--- Problem to solve ---
The data below should be restated word for word, with every picture omitted.

--- Information supplied ---
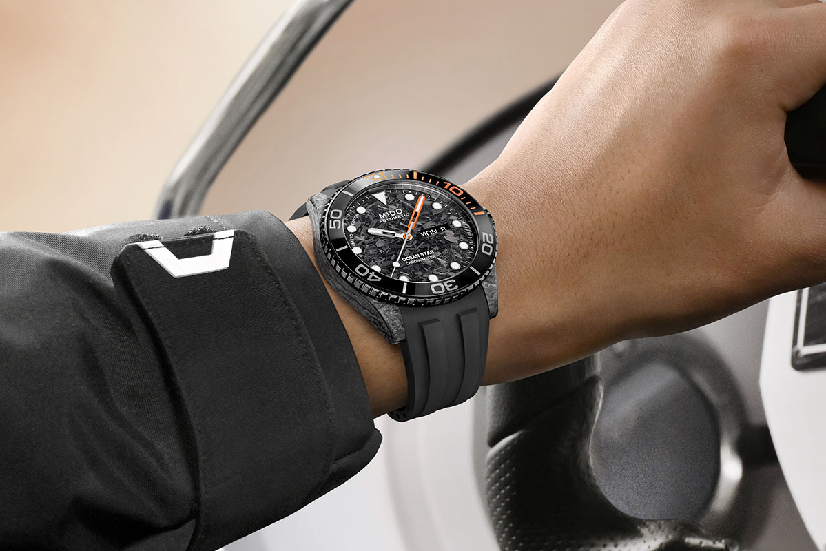 Come se non bastasse, il movimento incassato nel Mido Ocean Star 200C Carbon, ossia il Calibro 80 a carica automatica derivato dall’Eta C07.821, si affida a un bilanciere con spirale in silicio. Materiale insensibile ai campi magnetici che, perfino nelle profondità marine, non andranno mai a compromettere la costanza di marcia. Cui contribuiscono anche le 80 ore di carica completa: un’autonomia così lunga infatti, significa infatti che l’amplitudine del bilanciere – la cui frequenza è di 21.600 alternanze/orarie – rimane più a lungo costante nel tempo. Senza dimenticare i vantaggi pratici: poter riporre l’orologio al venerdì sera e ritrovarlo perfettamente in orario al lunedì mattina. Anche se – ci scommetto – sarà difficile privarsi dell’orologio proprio durante il weekend, visto che sembra fatto apposta per le giornate al mare.
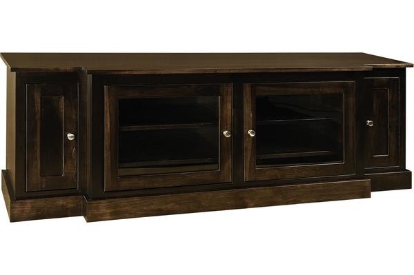 Our Amish 74" Roanoke TV Stand without Towers features a clean design that includes recessed inset panel doors on either side and two center glass doors. This stand has 6 adjustable shelves, 2 behind each glass door and 1 behind each wood door. The doors also come standard with soft-close hinges.
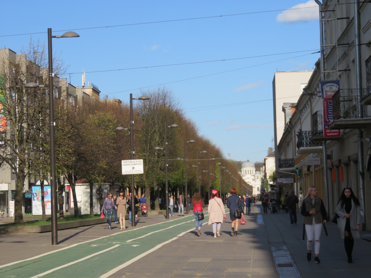 カウナスの街のメインの通りです。聖ミカエル教会から旧市街の入口のビリニュス通りまで街路樹がずっと続いていてキレイに整備されています。自転車用のレーンまでありました。通りの左右にはショップやオープンカフェなどたくさんあり夜でもとても賑やかです。だからといって治安は悪くないように思い遅くまで出歩いてしまいました。
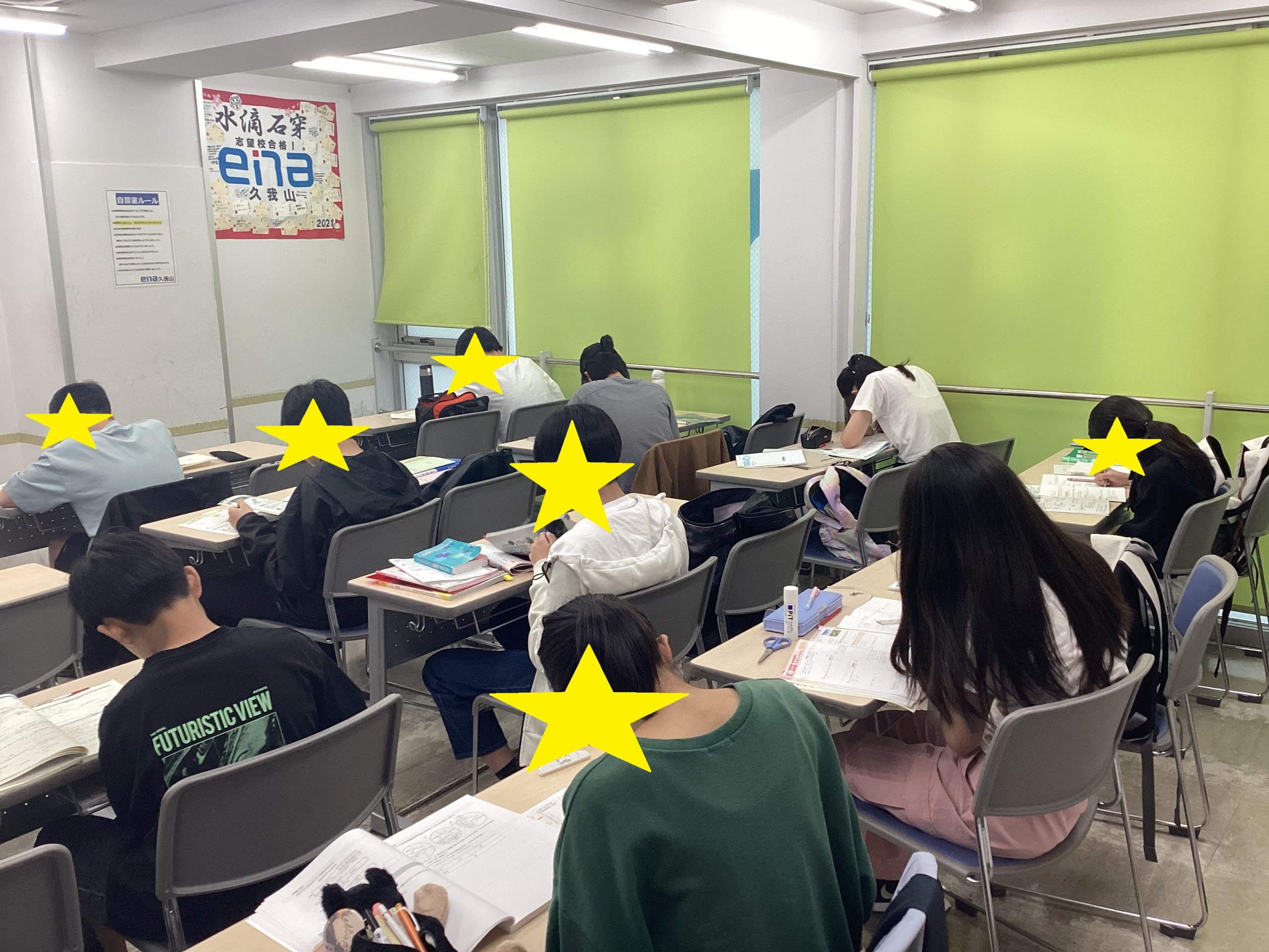 校舎に来て、勉強をしています。

--- Result below ---
 Come se non bastasse, il movimento incassato nel Mido Ocean Star 200C Carbon, ossia il Calibro 80 a carica automatica derivato dall’Eta C07.821, si affida a un bilanciere con spirale in silicio. Materiale insensibile ai campi magnetici che, perfino nelle profondità marine, non andranno mai a compromettere la costanza di marcia. Cui contribuiscono anche le 80 ore di carica completa: un’autonomia così lunga infatti, significa infatti che l’amplitudine del bilanciere – la cui frequenza è di 21.600 alternanze/orarie – rimane più a lungo costante nel tempo. Senza dimenticare i vantaggi pratici: poter riporre l’orologio al venerdì sera e ritrovarlo perfettamente in orario al lunedì mattina. Anche se – ci scommetto – sarà difficile privarsi dell’orologio proprio durante il weekend, visto che sembra fatto apposta per le giornate al mare.
 Our Amish 74" Roanoke TV Stand without Towers features a clean design that includes recessed inset panel doors on either side and two center glass doors. This stand has 6 adjustable shelves, 2 behind each glass door and 1 behind each wood door. The doors also come standard with soft-close hinges.
 カウナスの街のメインの通りです。聖ミカエル教会から旧市街の入口のビリニュス通りまで街路樹がずっと続いていてキレイに整備されています。自転車用のレーンまでありました。通りの左右にはショップやオープンカフェなどたくさんあり夜でもとても賑やかです。だからといって治安は悪くないように思い遅くまで出歩いてしまいました。
 校舎に来て、勉強をしています。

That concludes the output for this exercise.